The outline of the rest of the paper is as follows: In the second section, we have included the literature review in which we referred to various research works and explained the viability and performance of the different algorithms related to heart disease prediction. In Section 3, we have explained different machine learning algorithms. In Section 4, the proposed framework has been explained in details including model selection, parameter setting, experimental setup & proposed methodology. In Section 5, performance metrics, comparison of proposed framework with existing machine learning (ML) models and with existing literature is explained. Results are shown with respect to existing models and literature in this section. Section 6 contains the conclusion and future scope.

Literature Review

This section explains the 5 different research work done previously and how they approached the problem and their methodologies. Every year, an estimated 600 million individuals—about one in every ten people in the globe—become unwell after eating contaminated food, and 420,000 die, resulting in the loss of 33 million healthy life years (DALYs) (World. Food safety 2020). As a result, researchers are coming up with different approaches. Few of them are discussed below. In (Kumar et al. 2020a) authors have applied algorithms such as random forest, support vector machine (SVM), and Naive Bayes. Alongside testing accuracy, the author tested training accuracy as well (Table 1).

Table 1 Comparison of existing approaches for wine quality prediction

Machine learning algorithms have revolutionised how data analytics and data mining works. Many researchers since the dataset was made available had used robust models and different metrics to achieve better results. Cortez et al. (2009) used simple multiple regression, support vector machine, and neural networks. On the other hand, Er and Atasoy (2016) used 4 different techniques to experiment with the results, but the models remained the same which included support vector machine, random forest, k-nearest neighbourhood. The first technique was cross-validation, followed by percentage split, cross-validation (after PCA), and percentage split after using PCA. Cross-validation after PCA resulted in highest accuracy among all the methods used.

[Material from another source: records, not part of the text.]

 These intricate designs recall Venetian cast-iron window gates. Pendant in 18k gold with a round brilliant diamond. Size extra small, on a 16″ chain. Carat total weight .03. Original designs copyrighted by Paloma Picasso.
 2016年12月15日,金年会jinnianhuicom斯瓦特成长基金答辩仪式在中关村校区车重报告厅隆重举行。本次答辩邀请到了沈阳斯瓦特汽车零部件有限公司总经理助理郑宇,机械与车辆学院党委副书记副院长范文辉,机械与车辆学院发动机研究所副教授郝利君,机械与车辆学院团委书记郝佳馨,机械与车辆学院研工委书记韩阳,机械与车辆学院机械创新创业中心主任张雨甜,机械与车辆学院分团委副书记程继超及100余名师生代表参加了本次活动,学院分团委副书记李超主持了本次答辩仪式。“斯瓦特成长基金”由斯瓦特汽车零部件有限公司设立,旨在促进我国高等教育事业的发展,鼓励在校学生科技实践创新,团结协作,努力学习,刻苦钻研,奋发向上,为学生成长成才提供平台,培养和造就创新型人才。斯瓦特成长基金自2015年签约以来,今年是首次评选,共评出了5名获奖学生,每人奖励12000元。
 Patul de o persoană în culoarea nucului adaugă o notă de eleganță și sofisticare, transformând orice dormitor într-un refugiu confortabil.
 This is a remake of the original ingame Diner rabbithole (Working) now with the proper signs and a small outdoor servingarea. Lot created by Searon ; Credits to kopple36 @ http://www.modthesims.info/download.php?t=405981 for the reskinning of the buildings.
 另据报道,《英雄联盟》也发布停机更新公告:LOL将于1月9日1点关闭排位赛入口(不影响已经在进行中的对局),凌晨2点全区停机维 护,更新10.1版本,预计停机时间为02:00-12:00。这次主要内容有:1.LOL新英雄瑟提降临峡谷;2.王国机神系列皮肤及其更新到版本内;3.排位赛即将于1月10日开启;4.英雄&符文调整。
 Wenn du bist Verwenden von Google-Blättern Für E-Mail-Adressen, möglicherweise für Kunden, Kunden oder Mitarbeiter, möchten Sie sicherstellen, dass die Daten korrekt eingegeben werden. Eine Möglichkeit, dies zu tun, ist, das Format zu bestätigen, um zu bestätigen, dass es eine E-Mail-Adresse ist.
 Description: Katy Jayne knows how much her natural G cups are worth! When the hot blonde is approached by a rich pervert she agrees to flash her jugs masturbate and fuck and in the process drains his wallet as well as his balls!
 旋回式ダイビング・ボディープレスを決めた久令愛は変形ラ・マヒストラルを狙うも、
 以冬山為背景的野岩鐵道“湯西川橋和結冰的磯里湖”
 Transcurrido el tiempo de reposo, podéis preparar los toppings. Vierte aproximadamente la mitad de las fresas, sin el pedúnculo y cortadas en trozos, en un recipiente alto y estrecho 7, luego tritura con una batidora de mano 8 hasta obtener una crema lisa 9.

This influenced our research work. Gupta (2018) experimented by selecting few features and discarding few based on the correlation among the variables. This resulted in the most robust model. Kumar et al. (2020b) used three models SVM, Naive Bayes, and random forest while taking all features in account. Ahammed and Abedin (2018) used linear discriminant analysis on red wines and got considerably high precision, recall values. Lee et al. (2015) saw the potential in decision tree as the first bagging method. Wie (2012) reporting was based on ROC-AUC scores. His study was solely based on decision trees. Our study is an advance in red wine quality prediction as we have taken into account the skewness and standardisation of data.

Our Contribution

  • The proposed framework consists of stacking-based ensemble learning which adds diversity in the classifier.

  • Skewness and Gaussian distribution and class imbalance are addressed.

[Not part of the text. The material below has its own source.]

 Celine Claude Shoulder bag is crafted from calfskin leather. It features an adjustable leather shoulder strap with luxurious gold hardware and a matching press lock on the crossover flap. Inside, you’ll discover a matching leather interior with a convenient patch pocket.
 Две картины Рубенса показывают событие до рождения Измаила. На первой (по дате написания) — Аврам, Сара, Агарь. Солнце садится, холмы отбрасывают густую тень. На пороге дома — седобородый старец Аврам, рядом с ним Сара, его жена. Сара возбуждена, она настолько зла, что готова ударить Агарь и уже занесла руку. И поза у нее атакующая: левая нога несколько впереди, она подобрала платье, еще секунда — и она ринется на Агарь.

  • Hyperparameter tuning is used in order to select the best parameter for ML model training.

  • The performance of the proposed framework is compared with existing literature on the basis of accuracy, precision, sensitivity, precision, and F1 score

Background and Preliminaries

This section explains the various machine learning classification methods that are used in the proposed framework. Before the final ensembling of top performing models, other classifier models were attempted. Ten different classifiers were trained on a training dataset. After the initial training, 4 models were selected based on their accuracy measure.

  1. A.

    Random Forest

The random forest classifier is made up of a series of tree classifiers, each of which is constructed using a random vector sampled independently from the input vector, and each tree casts a unit vote for the most popular class to categorise an input vector (Breiman 1999). To grow a tree, the random forest classifier utilised in this study uses randomly selected characteristics or a mixture of features at each node. For each feature/feature combination chosen, bagging, a method of generating a training dataset by randomly drawing with replacement N samples, where N is the size of the original training set (Breiman 1996), was employed. Any examples (pixels) are categorised by selecting the class with the highest number of votes from all tree predictors in the forest (Breiman 1999).

  1. B.

    K-Nearest Neighbour (KNN)

The k-nearest-neighbours (kNN) approach is a basic but effective non-parametric classification method (Hand et al. 2001). To classify a data record t, its k-nearest neighbours are collected, forming a neighbourhood of t. Majority vote among data records in the neighbourhood is commonly used to determine the classification for t, with or without taking distance-based weighting into account. However, in order to use kNN, we must first select an appropriate value for k, and the classification’s success is heavily dependent on this number. In certain ways, the kNN approach is influenced by k.

  1. III

    Support Vector Classifier

SVMs are based on statistical learning theory and try to determine the position of decision boundaries that result in the best class separation (Vapnik 1999). SVMs choose the one linear decision boundary that leaves the biggest margin between two classes in a two-class pattern recognition task when classes are linearly separable. The margin is defined as the total of the distances from the nearest points of the two classes to the hyperplane (Vapnik 1999). Using traditional Quadratic Programming (QP) optimization techniques, this problem of maximising the margin can be solved.

  1. IV

    Naive Bayes Classifiers (Leung 2007)

Statistical classifiers are Bayesian classifiers. They are capable of predicting class membership probabilities, such as the likelihood that a given sample belongs to a specific class. The Bayesian classifier is based on the theorem of Bayes. The influence of an attribute value on a particular class is assumed to be independent of the values of the other attributes by Bayesian classifiers. This is known as class conditional independence. It is designed to simplify the computation and is hence termed “naive.”

  • E. XGBoost (Smith 2020)

XGBoost is a scalable gradient boosting system that focuses on speed and performance. Intelligent tree penalization, proportionate leaf node reduction, and other randomisation settings make it apart from traditional gradient boosting algorithms.

  • F. Ensemble Learning (Lappalainen and Miskin 2000)

Ensemble learning learns by executing “base learner” multiple times. The final vote is casted on the hypothesis, and final weights are executed on “meta models.” Various types of ensemble technique include bagging and boosting.

  • G. SMOTEENN (Prati et al. 2004)

This technique is very helpful in solving class imbalance as it generates synthetic data points by SMOTE using the ENN algorithm. Synthetic data points are very different from duplicate points.

  • H. Gradient Boosting Algorithm (Friedman 2001)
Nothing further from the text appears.